* [About this task]: From the first line to the last, set down the material exactly and drop every picture.

■ ■ ■ ■

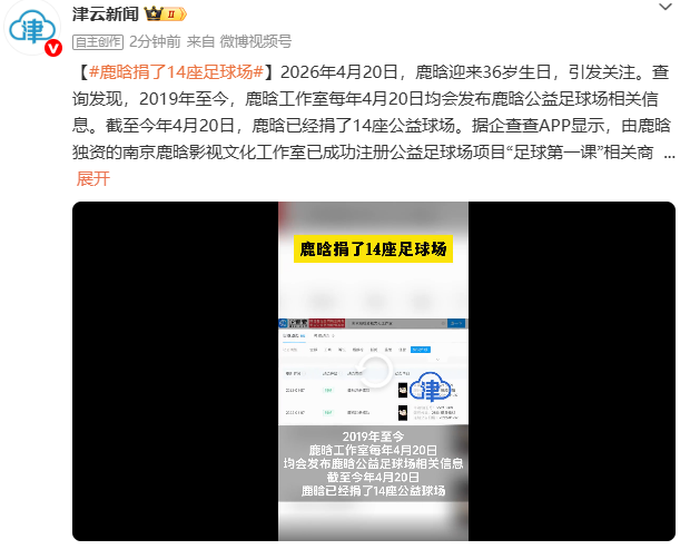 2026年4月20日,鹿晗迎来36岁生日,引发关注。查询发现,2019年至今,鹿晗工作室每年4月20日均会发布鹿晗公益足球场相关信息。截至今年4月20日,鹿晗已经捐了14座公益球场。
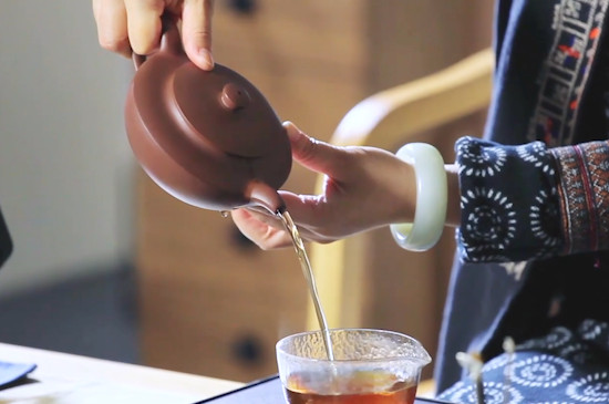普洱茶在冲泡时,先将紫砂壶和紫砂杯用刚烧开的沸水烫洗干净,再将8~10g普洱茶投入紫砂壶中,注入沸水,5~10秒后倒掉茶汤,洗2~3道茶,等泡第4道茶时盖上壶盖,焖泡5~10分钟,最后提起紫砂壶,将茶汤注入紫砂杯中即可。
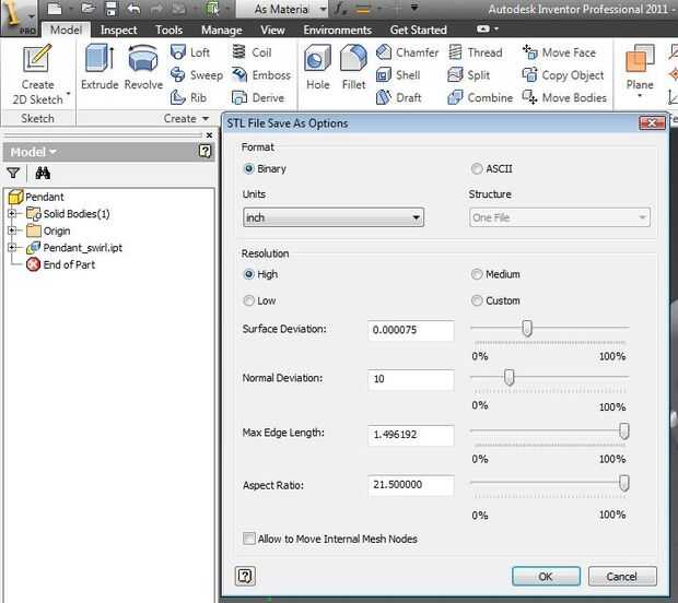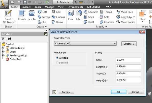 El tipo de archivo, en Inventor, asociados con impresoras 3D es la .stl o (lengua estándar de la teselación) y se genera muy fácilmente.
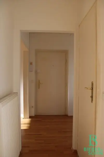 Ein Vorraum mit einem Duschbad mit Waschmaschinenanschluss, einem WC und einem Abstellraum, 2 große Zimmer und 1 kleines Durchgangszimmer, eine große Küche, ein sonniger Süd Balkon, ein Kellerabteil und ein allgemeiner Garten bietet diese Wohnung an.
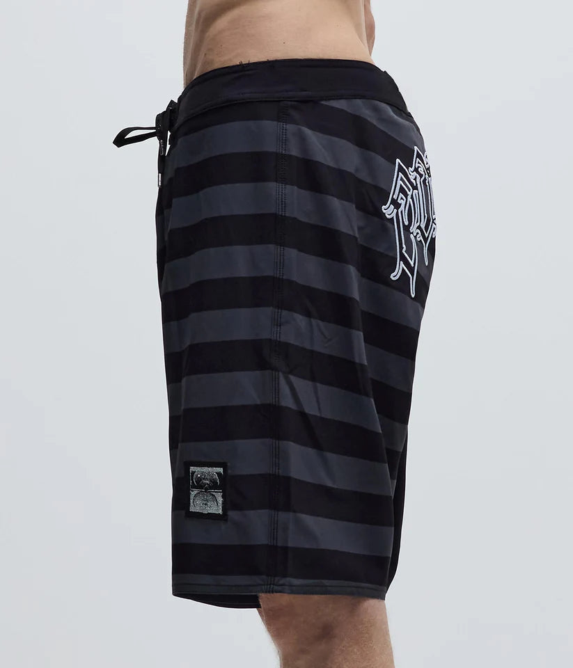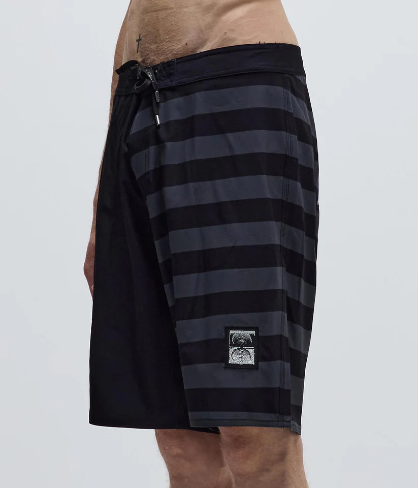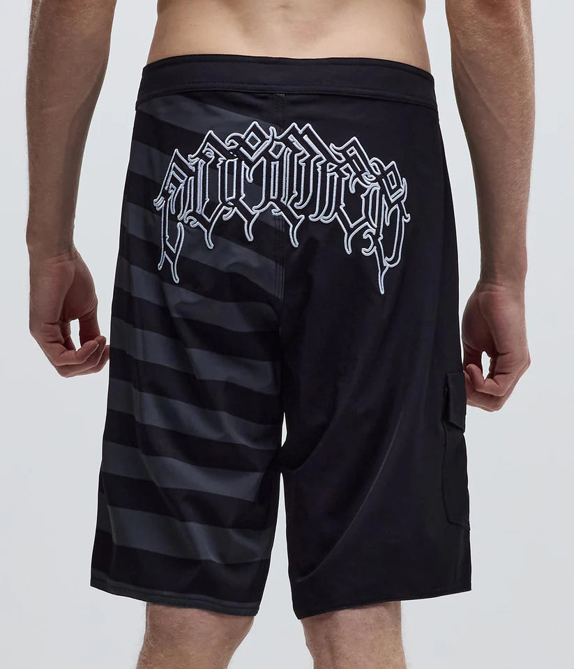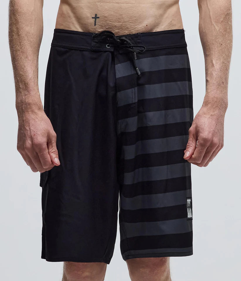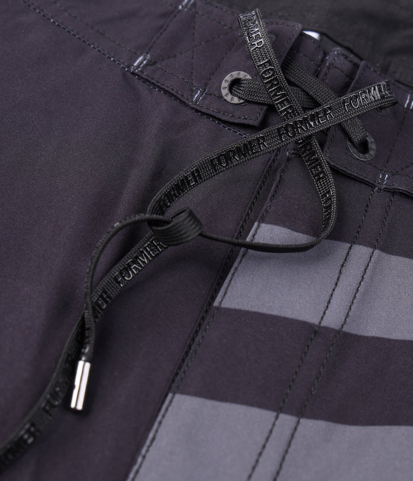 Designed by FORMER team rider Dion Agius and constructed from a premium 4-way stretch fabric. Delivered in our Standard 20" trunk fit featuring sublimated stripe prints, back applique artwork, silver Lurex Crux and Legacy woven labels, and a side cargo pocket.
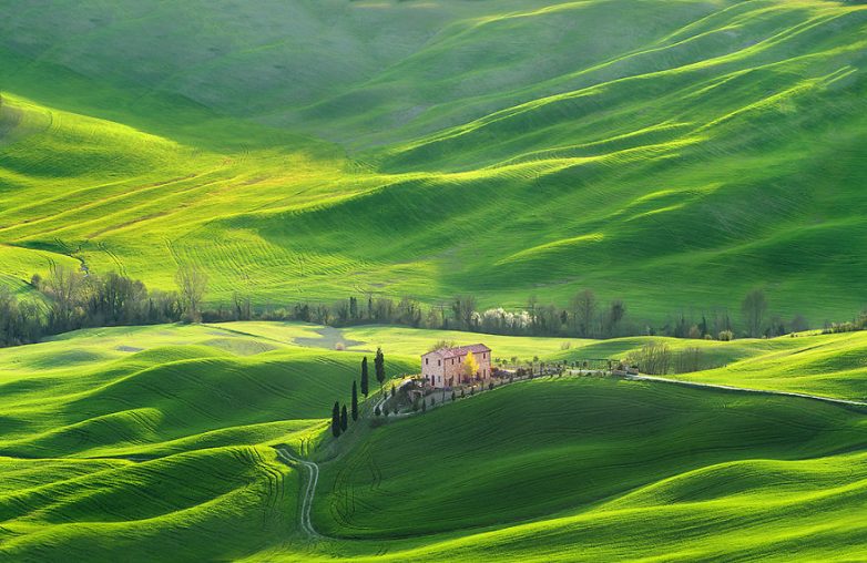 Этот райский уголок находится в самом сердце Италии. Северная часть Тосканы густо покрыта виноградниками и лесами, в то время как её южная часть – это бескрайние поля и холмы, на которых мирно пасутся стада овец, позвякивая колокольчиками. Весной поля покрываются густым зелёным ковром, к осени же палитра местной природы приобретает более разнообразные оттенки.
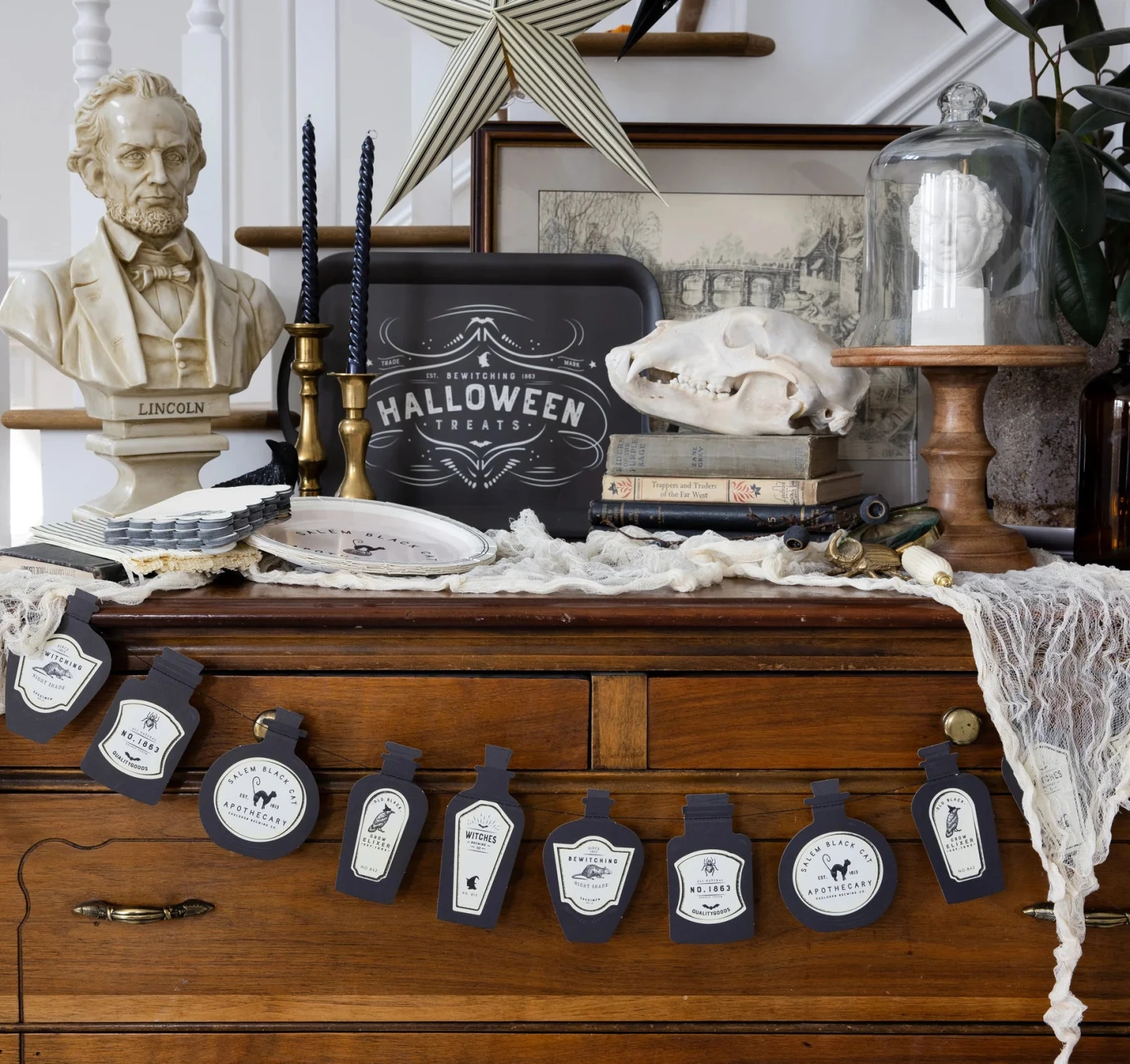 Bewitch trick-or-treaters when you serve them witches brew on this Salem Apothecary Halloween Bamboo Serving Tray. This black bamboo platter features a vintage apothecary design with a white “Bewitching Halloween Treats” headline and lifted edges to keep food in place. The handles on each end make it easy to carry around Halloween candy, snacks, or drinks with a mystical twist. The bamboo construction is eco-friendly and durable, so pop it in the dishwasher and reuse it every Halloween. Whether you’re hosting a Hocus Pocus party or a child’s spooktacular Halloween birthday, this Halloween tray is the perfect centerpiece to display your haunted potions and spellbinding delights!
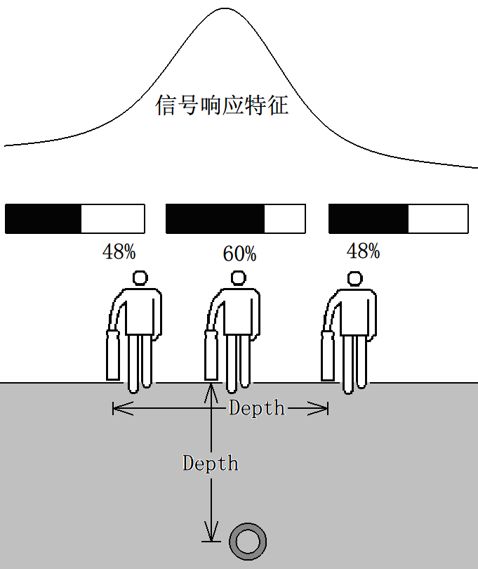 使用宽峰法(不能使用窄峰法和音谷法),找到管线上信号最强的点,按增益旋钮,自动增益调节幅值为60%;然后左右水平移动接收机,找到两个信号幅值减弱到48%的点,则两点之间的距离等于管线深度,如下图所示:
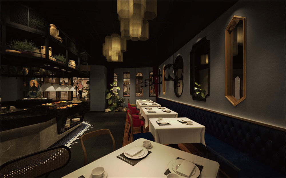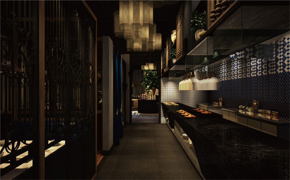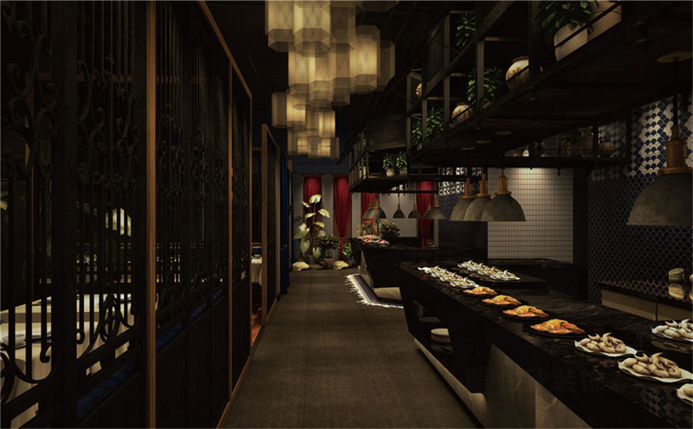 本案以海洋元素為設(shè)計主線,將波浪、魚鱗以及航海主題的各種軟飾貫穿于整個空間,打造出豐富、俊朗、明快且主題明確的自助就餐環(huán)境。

■ ■ ■ ■

* [Response below]:
 2026年4月20日,鹿晗迎来36岁生日,引发关注。查询发现,2019年至今,鹿晗工作室每年4月20日均会发布鹿晗公益足球场相关信息。截至今年4月20日,鹿晗已经捐了14座公益球场。
普洱茶在冲泡时,先将紫砂壶和紫砂杯用刚烧开的沸水烫洗干净,再将8~10g普洱茶投入紫砂壶中,注入沸水,5~10秒后倒掉茶汤,洗2~3道茶,等泡第4道茶时盖上壶盖,焖泡5~10分钟,最后提起紫砂壶,将茶汤注入紫砂杯中即可。
 El tipo de archivo, en Inventor, asociados con impresoras 3D es la .stl o (lengua estándar de la teselación) y se genera muy fácilmente.
 Ein Vorraum mit einem Duschbad mit Waschmaschinenanschluss, einem WC und einem Abstellraum, 2 große Zimmer und 1 kleines Durchgangszimmer, eine große Küche, ein sonniger Süd Balkon, ein Kellerabteil und ein allgemeiner Garten bietet diese Wohnung an.
 Designed by FORMER team rider Dion Agius and constructed from a premium 4-way stretch fabric. Delivered in our Standard 20" trunk fit featuring sublimated stripe prints, back applique artwork, silver Lurex Crux and Legacy woven labels, and a side cargo pocket.
 Этот райский уголок находится в самом сердце Италии. Северная часть Тосканы густо покрыта виноградниками и лесами, в то время как её южная часть – это бескрайние поля и холмы, на которых мирно пасутся стада овец, позвякивая колокольчиками. Весной поля покрываются густым зелёным ковром, к осени же палитра местной природы приобретает более разнообразные оттенки.
 Bewitch trick-or-treaters when you serve them witches brew on this Salem Apothecary Halloween Bamboo Serving Tray. This black bamboo platter features a vintage apothecary design with a white “Bewitching Halloween Treats” headline and lifted edges to keep food in place. The handles on each end make it easy to carry around Halloween candy, snacks, or drinks with a mystical twist. The bamboo construction is eco-friendly and durable, so pop it in the dishwasher and reuse it every Halloween. Whether you’re hosting a Hocus Pocus party or a child’s spooktacular Halloween birthday, this Halloween tray is the perfect centerpiece to display your haunted potions and spellbinding delights!
 使用宽峰法(不能使用窄峰法和音谷法),找到管线上信号最强的点,按增益旋钮,自动增益调节幅值为60%;然后左右水平移动接收机,找到两个信号幅值减弱到48%的点,则两点之间的距离等于管线深度,如下图所示:
 本案以海洋元素為設(shè)計主線,將波浪、魚鱗以及航海主題的各種軟飾貫穿于整個空間,打造出豐富、俊朗、明快且主題明確的自助就餐環(huán)境。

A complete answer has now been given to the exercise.